積分梯度是一種將分類模型的預測歸因於其輸入特徵的技術。這是一種模型可解釋性技術：您可以使用它來視覺化輸入特徵與模型預測之間的關係。

積分梯度是計算預測輸出相對於輸入特徵的梯度的一種變體。若要計算積分梯度，我們需要執行下列步驟：

識別輸入和輸出。在我們的案例中，輸入是影像，輸出是我們模型的最後一層 (具有 softmax 啟動的密集層)。
計算在特定資料點上進行預測時，哪些特徵對神經網路很重要。若要識別這些特徵，我們需要選擇基準輸入。基準輸入可以是黑色影像 (所有像素值都設定為零) 或隨機雜訊。基準輸入的形狀必須與我們的輸入影像相同，例如 (299, 299, 3)。
針對給定的步驟數插補基準。步驟數表示在給定輸入影像的梯度近似中我們需要的步驟。步驟數是超參數。作者建議使用 20 到 1000 個步驟之間的任何值。
預先處理這些插補影像並進行前向傳遞。
取得這些插補影像的梯度。
使用梯形法則近似梯度積分。

若要深入了解積分梯度及其方法原理，請考慮閱讀這篇出色的文章。

參考資料

積分梯度原始論文
原始實作

設定

import numpy as np
import matplotlib.pyplot as plt
from scipy import ndimage
from IPython.display import Image, display

import tensorflow as tf
import keras
from keras import layers
from keras.applications import xception


# Size of the input image
img_size = (299, 299, 3)

# Load Xception model with imagenet weights
model = xception.Xception(weights="imagenet")

# The local path to our target image
img_path = keras.utils.get_file("elephant.jpg", "https://i.imgur.com/Bvro0YD.png")
display(Image(img_path))

jpeg

積分梯度演算法

def get_img_array(img_path, size=(299, 299)):
    # `img` is a PIL image of size 299x299
    img = keras.utils.load_img(img_path, target_size=size)
    # `array` is a float32 Numpy array of shape (299, 299, 3)
    array = keras.utils.img_to_array(img)
    # We add a dimension to transform our array into a "batch"
    # of size (1, 299, 299, 3)
    array = np.expand_dims(array, axis=0)
    return array


def get_gradients(img_input, top_pred_idx):
    """Computes the gradients of outputs w.r.t input image.

    Args:
        img_input: 4D image tensor
        top_pred_idx: Predicted label for the input image

    Returns:
        Gradients of the predictions w.r.t img_input
    """
    images = tf.cast(img_input, tf.float32)

    with tf.GradientTape() as tape:
        tape.watch(images)
        preds = model(images)
        top_class = preds[:, top_pred_idx]

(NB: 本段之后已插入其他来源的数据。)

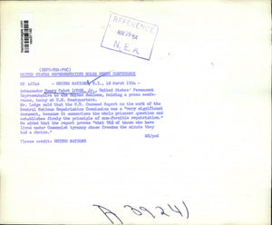 1954 Press Photo Ambassador to UN Henry Cabot Lodge Jr Holds Press Conference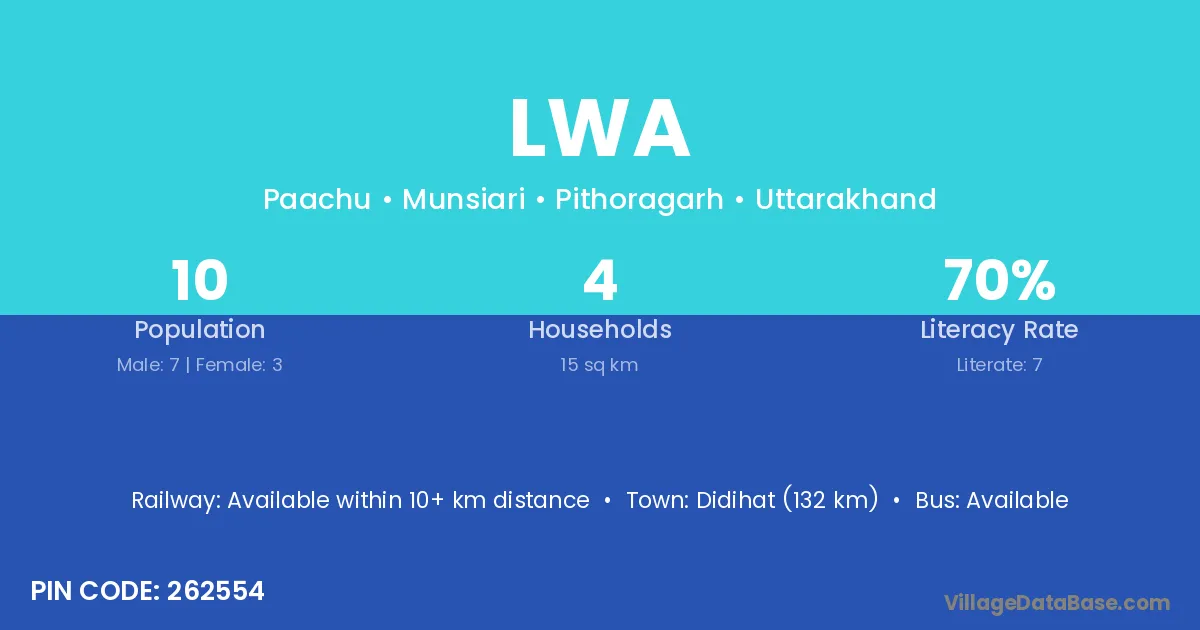 Lwa village is located in the Munsiari Tehsil of the Pithoragarh district in Uttarakhand .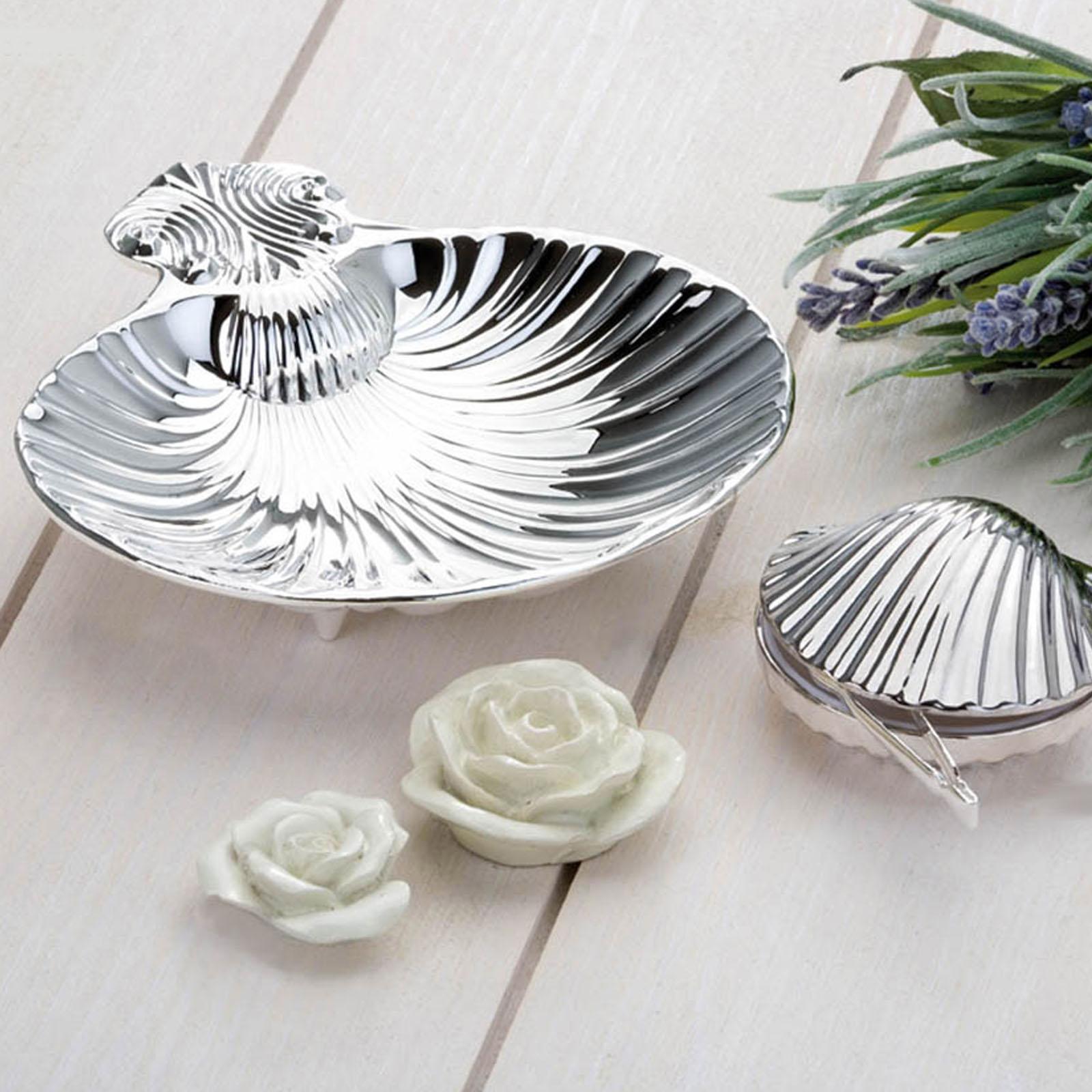 • Länge ca.: 12 cm • Breite ca.: 12 cm • Material: Metall • Beschichtung: versilbert • Veredelung: anlaufgeschützt • Oberfläche: strukturiert • spülmaschinengeeignet: nein • Farbe: silber • Funktionalität: Zum Anrichten und Servieren von Snacks • Platzierungsart: Zum Aufstellen auf dem Tisch • Form: rund • Dimension: klein • Motiv: Muschel • Symbolik: Symbol für Genuss, Schönheit & maritim-elegante Lebensart • Look & Stil: Glänzend, organisch, stilvoll, auffallend, charakterstark • Umgebungsnutzung: Für Innenbereich und geschützten Außenbereich • Anlass: Für Party, Filmabend, Empfang, Treffen, Zwischenmahlzeit • Nutzungsbereich: Esstisch, Couch, Buffet, Lounge, Konferenztisch, Gastronomie • Nutzungsmöglichkeit: Snacks servieren, Portionshäppchen anbieten, anrichten • Gewicht ca.: 0,185 Kg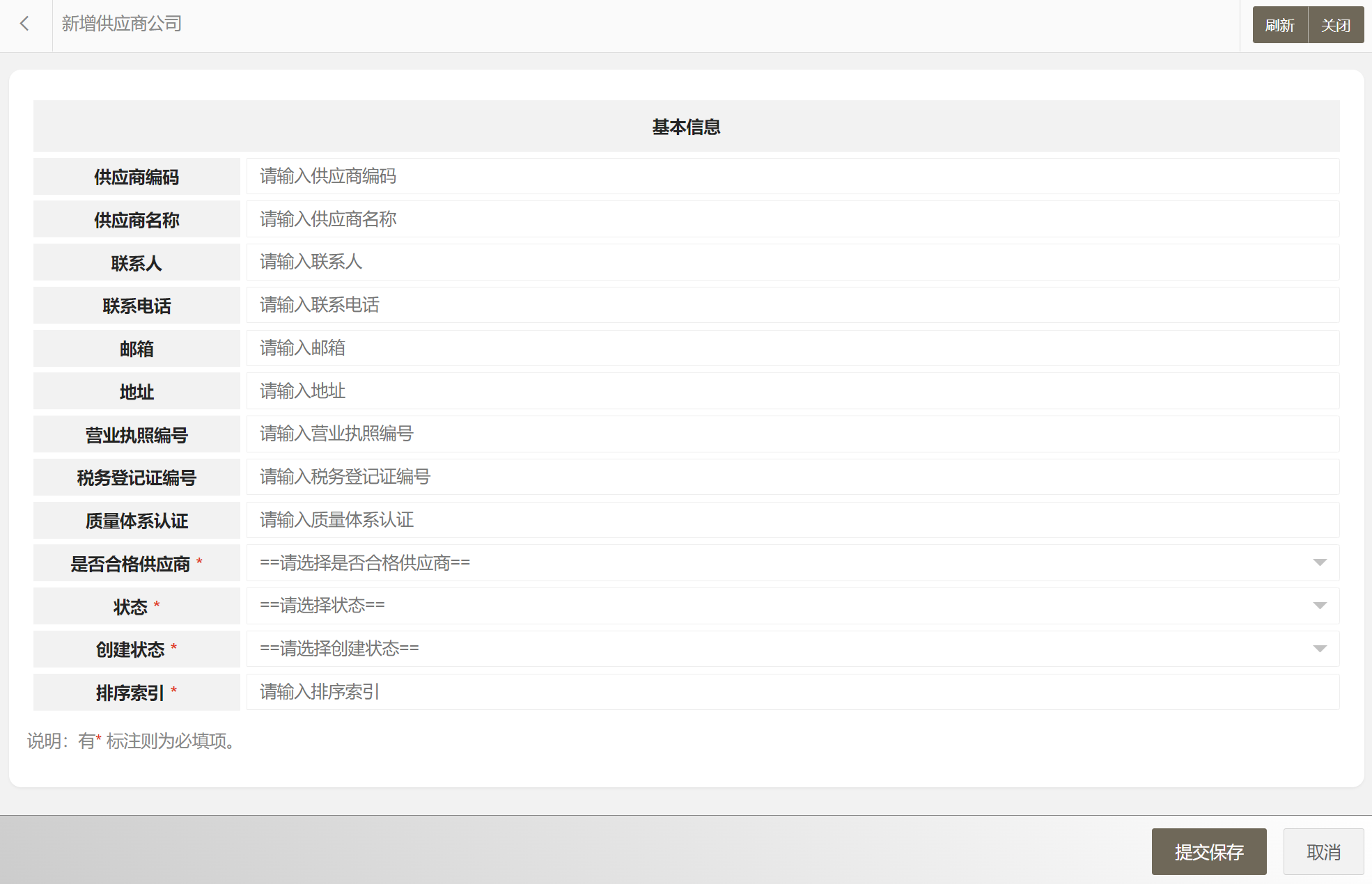 在供应商公司列表中可以选择新增供应商公司、编辑供应商公司、删除供应商公司、搜索供应商公司等。供应商公司属性包括:供应商公司编码、供应商编码、供应商名称、联系人、联系电话、邮箱、地址、营业执照编号、税务登记证编号、质量体系认证、是否合格供应商、状态等。新增供应商公司界面如图所示:

    grads = tape.gradient(top_class, images)
    return grads


def get_integrated_gradients(img_input, top_pred_idx, baseline=None, num_steps=50):
    """Computes Integrated Gradients for a predicted label.

    Args:
        img_input (ndarray): Original image
        top_pred_idx: Predicted label for the input image
        baseline (ndarray): The baseline image to start with for interpolation
        num_steps: Number of interpolation steps between the baseline
            and the input used in the computation of integrated gradients. These
            steps along determine the integral approximation error. By default,
            num_steps is set to 50.

    Returns:
        Integrated gradients w.r.t input image
    """
    # If baseline is not provided, start with a black image
    # having same size as the input image.
    if baseline is None:
        baseline = np.zeros(img_size).astype(np.float32)
    else:
        baseline = baseline.astype(np.float32)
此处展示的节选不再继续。